Aim of the exercise
Return exactly the lines from the "You must also" line through the last line of the entries below. Include no pictures.

===== Data for this task =====

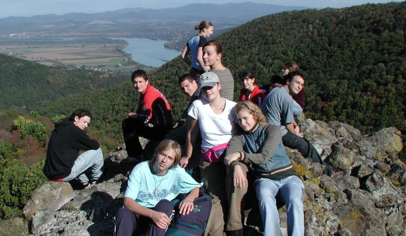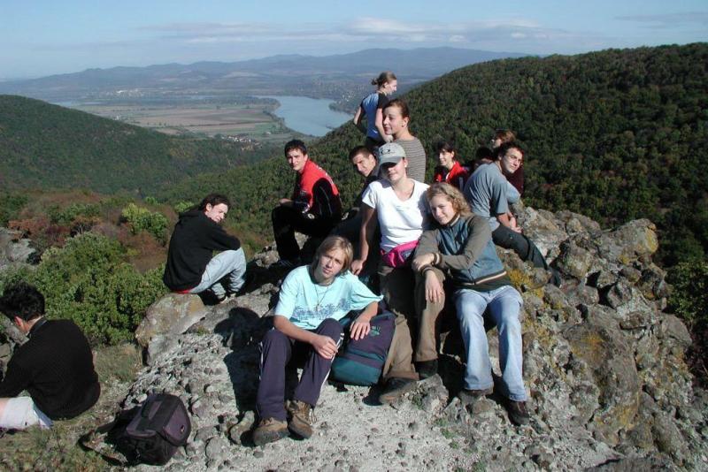 Szombaton verőfényes napsütésben törtünk a Vadállókövek felé. A Visegrádi-hegység egyik legkülönlegesebb formái az ún. Vadállókövek. A legkeményebb vulkáni kőzetek dacolnak a külső erőkkel és azok bizarr formákkal teszik változatossá az utat. (A nevük is érdekes pl. Nagytuskó, Bunkó, Felkiáltójel stb.). A meredek kaptató és a hátizsákok súlya kicsit szétzilálta a csapatot, de így is jó időt futottunk a csúcsig. Szerintem a Prédikálószékről (639 m) van a legszebb panoráma a Dunakanyarra. Itt kicsit kajáltunk, fényképezkedtünk, majd leereszkedve a Király-kúti Nyeregbe, újra felfelé haladtunk a Dobogókőig. Útközben – a túlélőtúrák szokásaihoz hűen – elhagytunk valakit, most éppen Erikát. Térképböngészés, ordítozás és némi kitérő után újra együtt volt a csapat. A Dobogókőn éppen ősmagyar fesztivál volt, lóval, íjjal, eredeti ruhában, eredeti ”szittyakajával”. Itt aztán megpihentünk, persze a csúcsfotó sem maradt el. Konzervet melegítettünk, ettünk, ittunk és közben a reggel még vizesen eltett sátrainkat szárítgattuk a büfé melletti fán. A helyi WC-s erre a kis fiesztára csak ennyit reagált: „Kik ezek az őrültek?” Hát természetesen Mi! A délután közepén tovább battyogtunk a Fekete-kőhöz. Ez már a Pilis egyik csúcsa, ahonnan nyugat felé lehet gyönyörködni. Az időnk ki volt számolva, lábaink és vállaink pedig jelezték, hogy már nem kellene eltévedni! Persze most jött a java! A Simon halála elnevezésű szakasznál rátértünk egy betonútra, ahol kb. 2 km-t mentünk feleslegesen, mert a lekanyarodó jelzést alig találtuk meg. A Vaskapu-völgy szurdoka nappal biztosan tuti, sötétben viszont a kövek és kidőlt fák között lavírozva inkább idegőrlő volt. De kijutottunk és már láttuk Pilisszentkereszt fényeit! Természetesen korai volt az öröm, mivel a jel ismét kifutott alólunk. Semmi pánik, toronyiránt lemegyünk! A lefelé út viszont tele volt jó kis gödrökkel. Valaki meg is jegyezte, milyen rossz lenne erre felfelé menni. És lőn! Lefelé egyre sűrűbb lett a gaz, ami aztán lassan átment szedresbe, majd sarjakácosba. Mivel mindkét növény igen szúrós, visszavonulást fújtam, kb. 100 m-re a falutól! Sűrű káromkodás közepette, de visszamentünk a földútra. Most már csak a sátorverés lebegett mindenki szeme előtt! Többet nem rontottunk, így lejutottunk az egykori Cisztercita kolostor romjaihoz. A hajnali csípős hideg ellenére mindenki jól aludt.
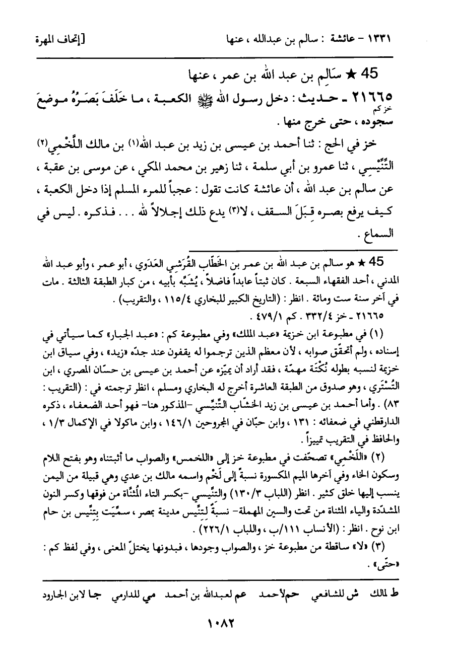 خز في الحج: ثنا أحمد بن عيسى بن زيد بن عبد الله بن مالك اللخْمِي التنِّيْسِي، ثنا عمرو بن أبي سلمة، ثنا زهير بن محمد المكي، عن موسى بن عقبة، عن سالم بن عبد الله، أن عائشة كانت تقول: عجباً للمرء المسلم إذا دخل الكعبة، كيف يرفع بصره قِبَلَ السقف، لا يدع ذلك إجلالاً لله ... فذكره. ليس في السماع
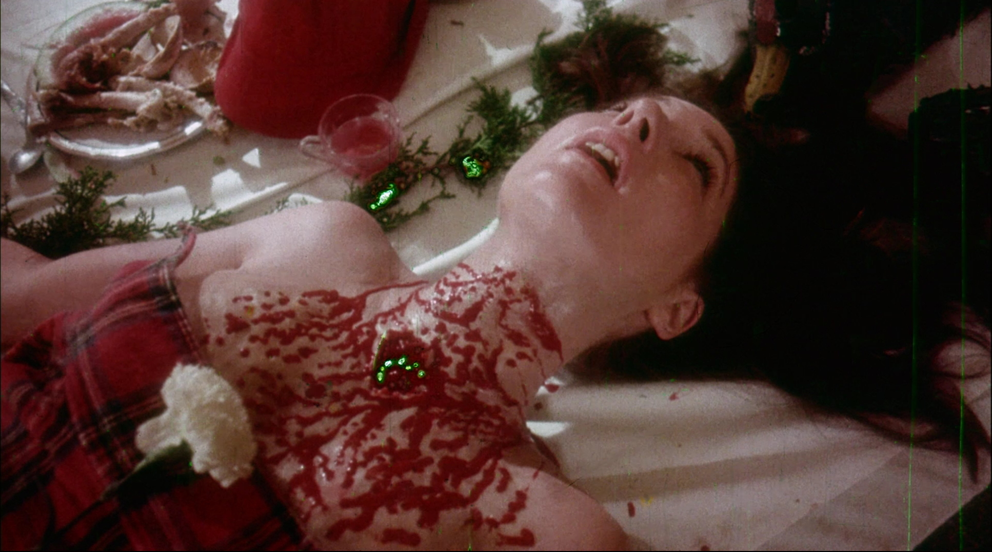 Most people stumbled on this oddity in their local video story, probably during the VHS era when Continental Video slipped it out in one of those oversized boxes under its more familiar title, Class Reunion Massacre (added to the print through the magic of a cheap video title card). That transfer was obviously no great shakes, and because that version neglected to carry over the copyright card, a lot of companies naturally assumed in must be public domain and stuck their cruddy VHS rips onto some budget bin, gray market DVD releases (including a terrible "East West Productions" double feature with Andy Milligan's Carnage). Decent film elements on this film have eluded repertory programmers for decades, so the fact that anything at all was found for the DVD is something of a minor miracle. The transfer used byCode Red for its 2010 DVD release obviously isn't their finest hour, admitted in an opening disclaimer card, but it's still a whole lot better than anything we've had before. The anamorphic
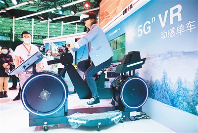 贵州是全国首个大数据综合试验区,“大数据”为贵州经济发展、政府治理、对外开放注入了新活力,也给当地民众生产、生活方式带来了改变。图为5月27日,在2021中国国际大数据产业博览会展馆,观众在体验5G虚拟现实动感单车。新华社记者 金立旺摄
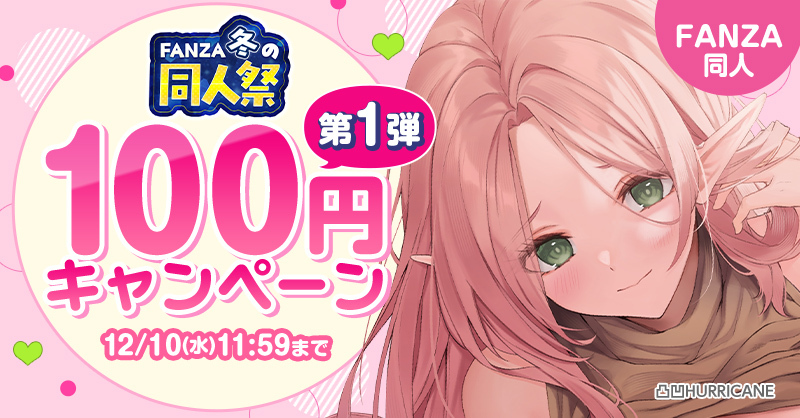 対象の人気作品を一律100円で購入できる「100円キャンペーン」を開催いたします。対象作品のラインナップは期間ごとに更新予定で、各回で異なる作品をお楽しみいただけます。FANZA同人をさらにお得に楽しめるこのキャンペーンを、ぜひお見逃しなく!
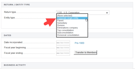 You must also select the appropriate Return/Entity Type for each return in the consolidation.
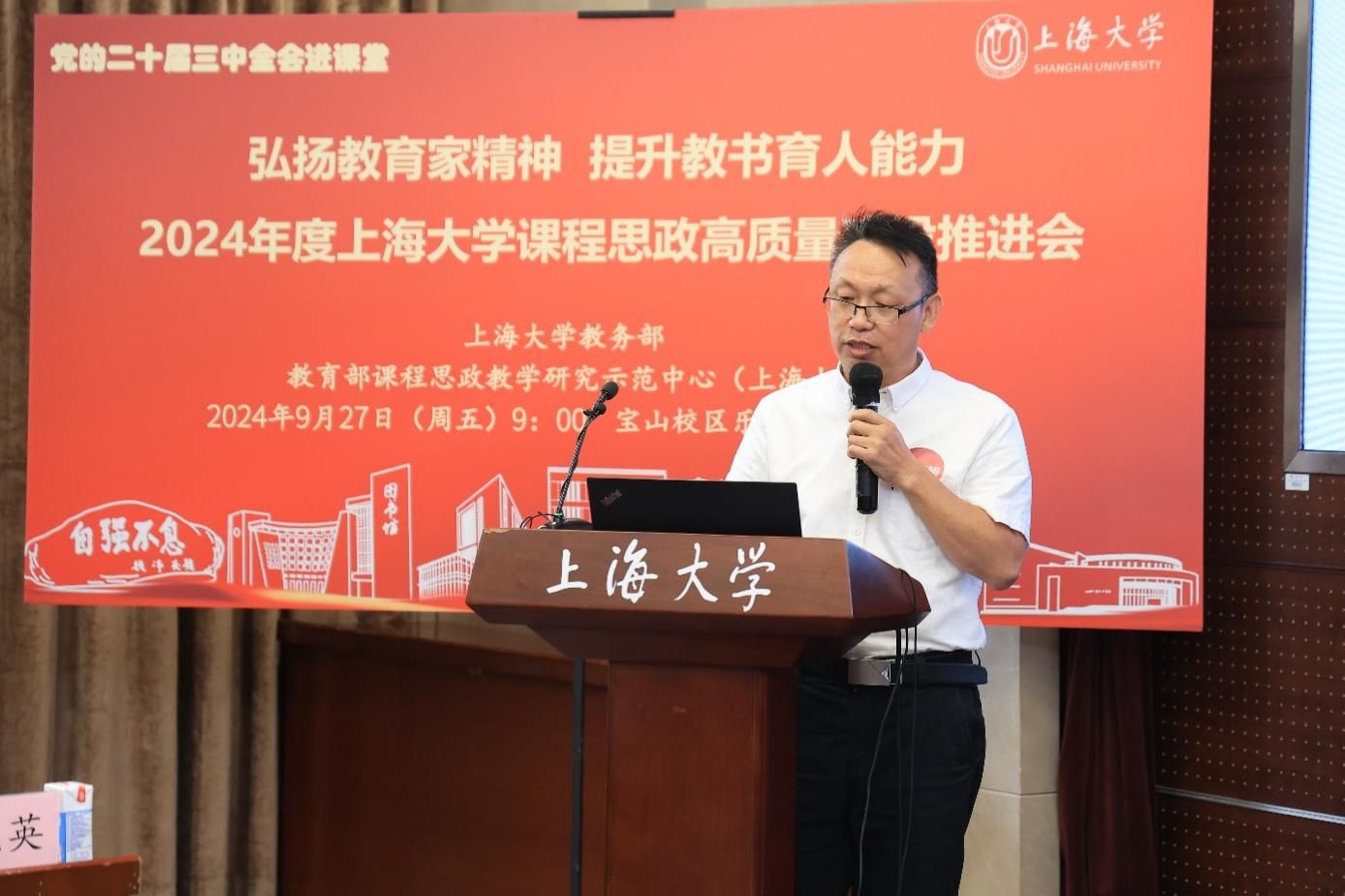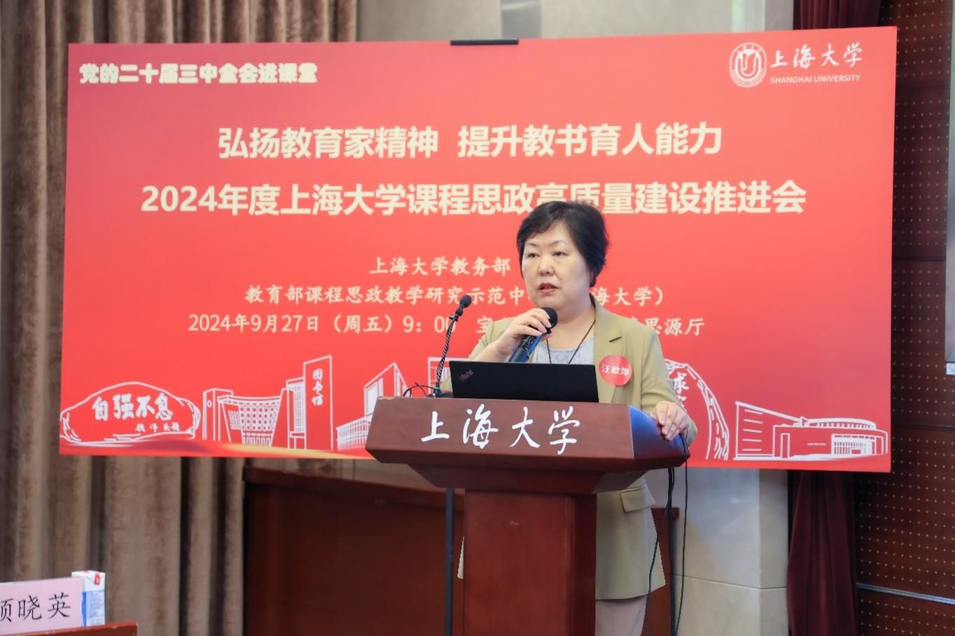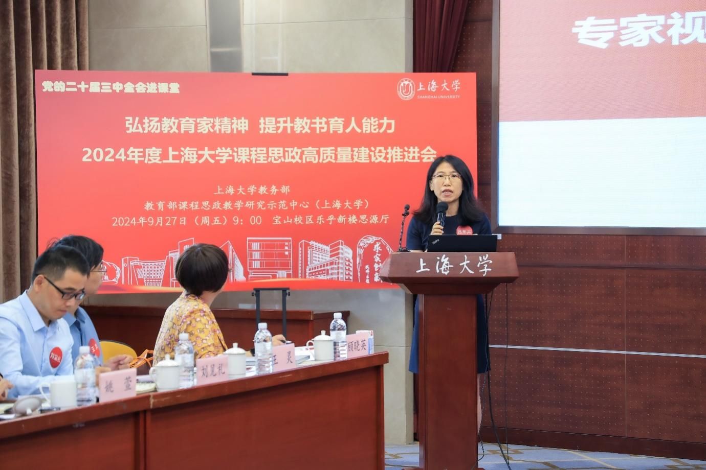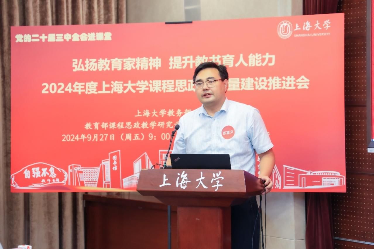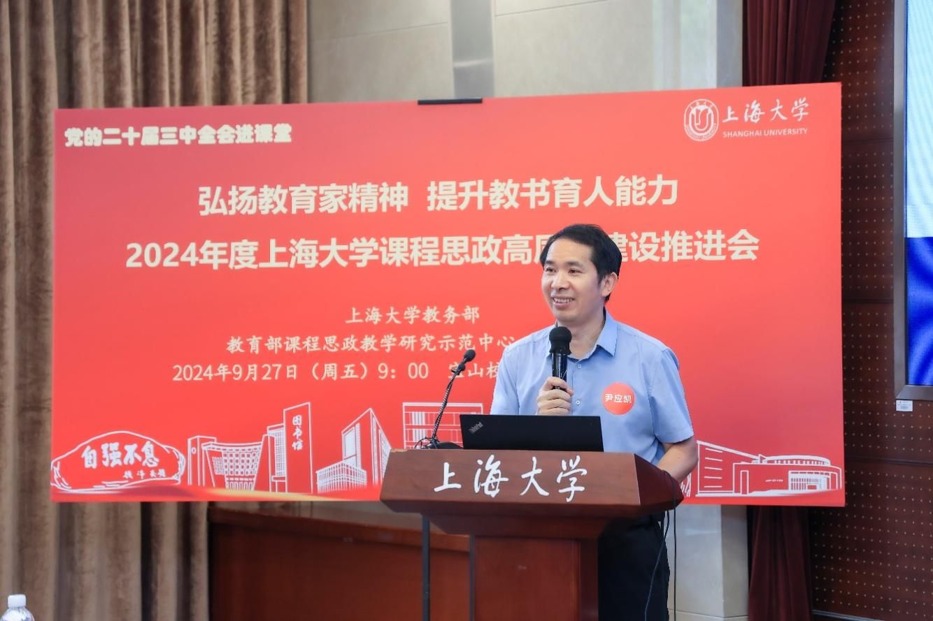 为进一步推动党的二十届三中全会精神进课堂,总结和展示金沙集团1862cc成色今年课程思政建设教育教学成果,强化教育家精神引领,提升教师教书育人能力,9月27日上午,2024年度金沙集团1862cc成色课程思政高质量建设推进会在金沙集团1862cc成色宝山校区举行。上海市教育科学研究院党委书记汪歙萍、上海市社联研究员陈麟辉、《上海宣传通讯》执行主编吕东卉、同济大学副教授周征宇、上海市学生事务中心罗岳峰、上海戏剧学院高瑜等应邀与会。金沙集团1862cc成色党委常委、副校长聂清,校党委常委、统战部部长、党委教师工作部部长曹为民,党委教师工作部副部长张富文,党委宣传部副部长、融媒体中心主任卢吉超,党政办副主任、法务办主任陈敬根,机关党委副书记郑亮,出版社社长余洋,研究生院王小丽等出席。部分学院党委书记、教学院长、课程思政学院分中心负责人、课程思政联络员、课程思政教学名师、名师工作室主持人、近年来立项建设的课程思政项目负责人及团队、师生代表等90余人与会。会议由金沙集团1862cc成色教务部主办,教育部课程思政教学研究示范中心(金沙集团1862cc成色)承办。教务部副部长、课程思政教学研究中心负责人顾晓英主持会议。

=====

Exercise solution
 You must also select the appropriate Return/Entity Type for each return in the consolidation.
 为进一步推动党的二十届三中全会精神进课堂,总结和展示金沙集团1862cc成色今年课程思政建设教育教学成果,强化教育家精神引领,提升教师教书育人能力,9月27日上午,2024年度金沙集团1862cc成色课程思政高质量建设推进会在金沙集团1862cc成色宝山校区举行。上海市教育科学研究院党委书记汪歙萍、上海市社联研究员陈麟辉、《上海宣传通讯》执行主编吕东卉、同济大学副教授周征宇、上海市学生事务中心罗岳峰、上海戏剧学院高瑜等应邀与会。金沙集团1862cc成色党委常委、副校长聂清,校党委常委、统战部部长、党委教师工作部部长曹为民,党委教师工作部副部长张富文,党委宣传部副部长、融媒体中心主任卢吉超,党政办副主任、法务办主任陈敬根,机关党委副书记郑亮,出版社社长余洋,研究生院王小丽等出席。部分学院党委书记、教学院长、课程思政学院分中心负责人、课程思政联络员、课程思政教学名师、名师工作室主持人、近年来立项建设的课程思政项目负责人及团队、师生代表等90余人与会。会议由金沙集团1862cc成色教务部主办,教育部课程思政教学研究示范中心(金沙集团1862cc成色)承办。教务部副部长、课程思政教学研究中心负责人顾晓英主持会议。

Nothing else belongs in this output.